> [About this exercise]
An exact copy of all the data, minus the images, is required.

Information provided Block Start

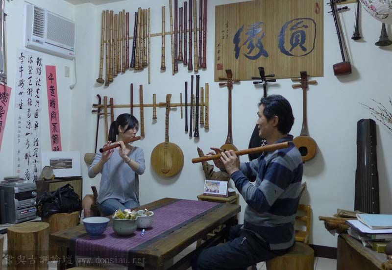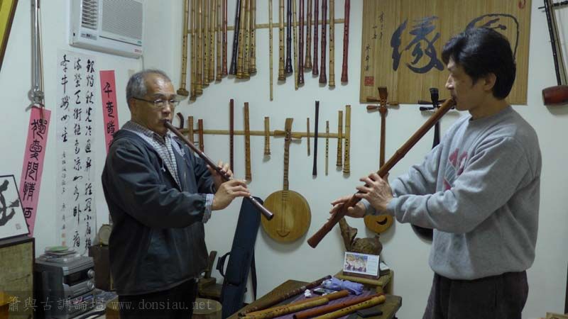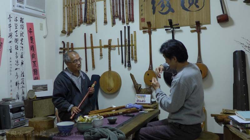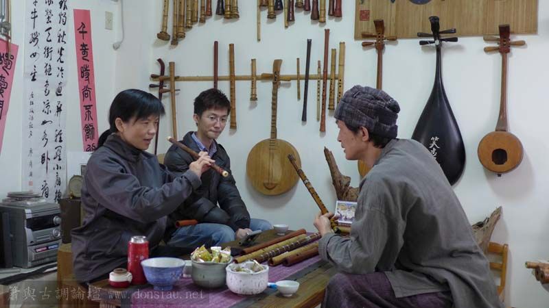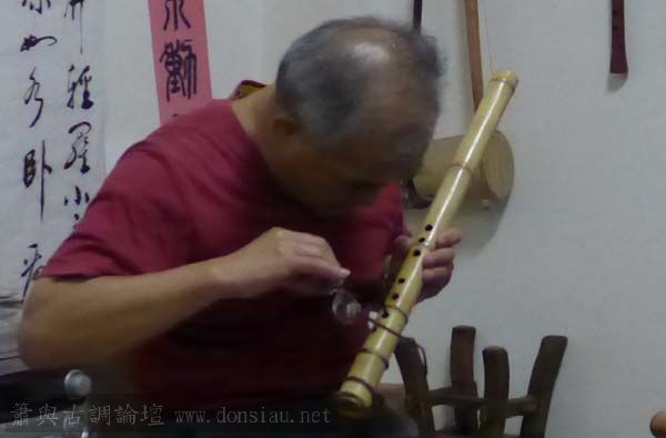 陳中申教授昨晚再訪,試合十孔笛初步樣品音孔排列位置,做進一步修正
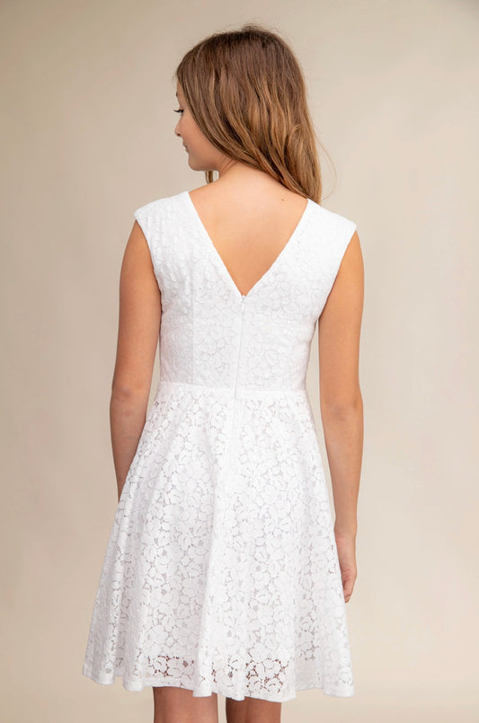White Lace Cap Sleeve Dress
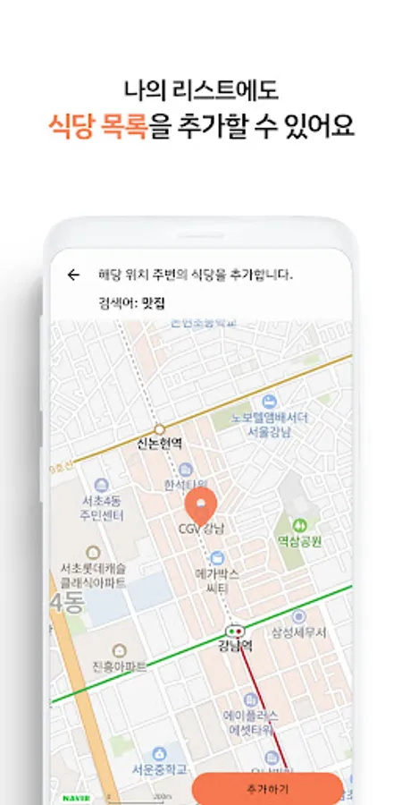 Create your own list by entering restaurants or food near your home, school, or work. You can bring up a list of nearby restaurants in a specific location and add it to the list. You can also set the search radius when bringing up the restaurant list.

Information provided Block End

> [Finished task]
 陳中申教授昨晚再訪,試合十孔笛初步樣品音孔排列位置,做進一步修正
White Lace Cap Sleeve Dress
 Create your own list by entering restaurants or food near your home, school, or work. You can bring up a list of nearby restaurants in a specific location and add it to the list. You can also set the search radius when bringing up the restaurant list.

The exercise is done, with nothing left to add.